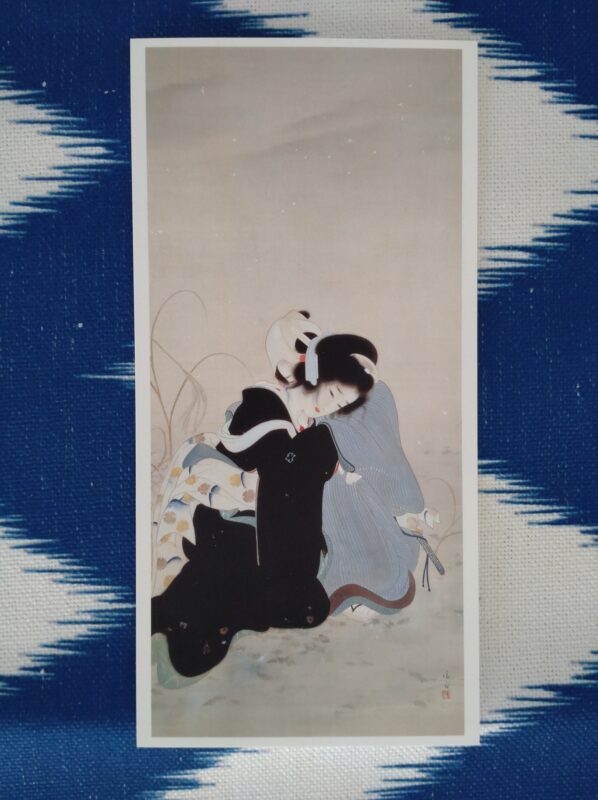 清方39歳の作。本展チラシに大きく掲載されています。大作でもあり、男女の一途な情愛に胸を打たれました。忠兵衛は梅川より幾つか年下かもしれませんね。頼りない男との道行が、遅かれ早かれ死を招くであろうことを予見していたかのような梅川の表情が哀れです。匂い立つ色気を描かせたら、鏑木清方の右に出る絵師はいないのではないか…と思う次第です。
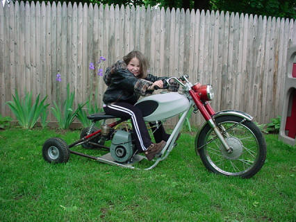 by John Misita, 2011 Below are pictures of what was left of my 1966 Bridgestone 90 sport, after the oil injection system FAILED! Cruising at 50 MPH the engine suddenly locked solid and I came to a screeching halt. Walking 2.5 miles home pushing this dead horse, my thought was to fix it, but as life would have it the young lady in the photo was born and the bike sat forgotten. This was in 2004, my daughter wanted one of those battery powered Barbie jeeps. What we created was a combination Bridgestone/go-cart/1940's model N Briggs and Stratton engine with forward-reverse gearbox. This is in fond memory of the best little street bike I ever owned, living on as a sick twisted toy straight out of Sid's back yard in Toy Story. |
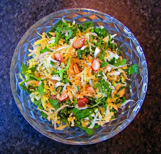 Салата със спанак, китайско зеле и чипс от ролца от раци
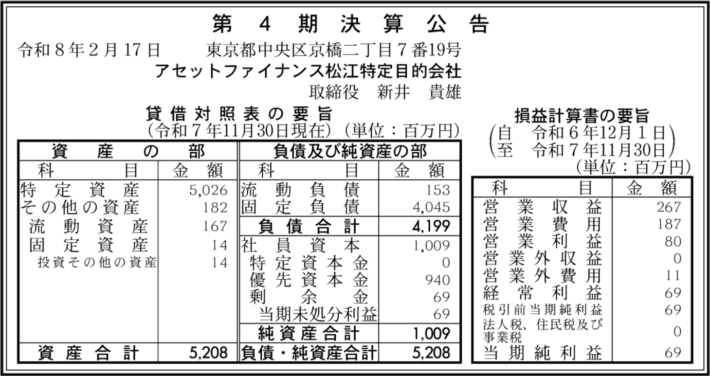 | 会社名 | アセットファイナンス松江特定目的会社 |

==

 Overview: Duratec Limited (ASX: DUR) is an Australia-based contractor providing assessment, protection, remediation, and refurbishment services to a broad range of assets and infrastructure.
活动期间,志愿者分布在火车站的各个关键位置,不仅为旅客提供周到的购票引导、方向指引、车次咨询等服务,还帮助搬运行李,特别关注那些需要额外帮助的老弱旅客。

**Required action**: Copy only this from above: the line containing "Салата със спанак, китайско", the line containing "会社名 | アセットファイナンス松江特定目的会社 |", and all lines between, printed exactly. Leave out the pictures.

**Exercise result**:
 Салата със спанак, китайско зеле и чипс от ролца от раци
 | 会社名 | アセットファイナンス松江特定目的会社 |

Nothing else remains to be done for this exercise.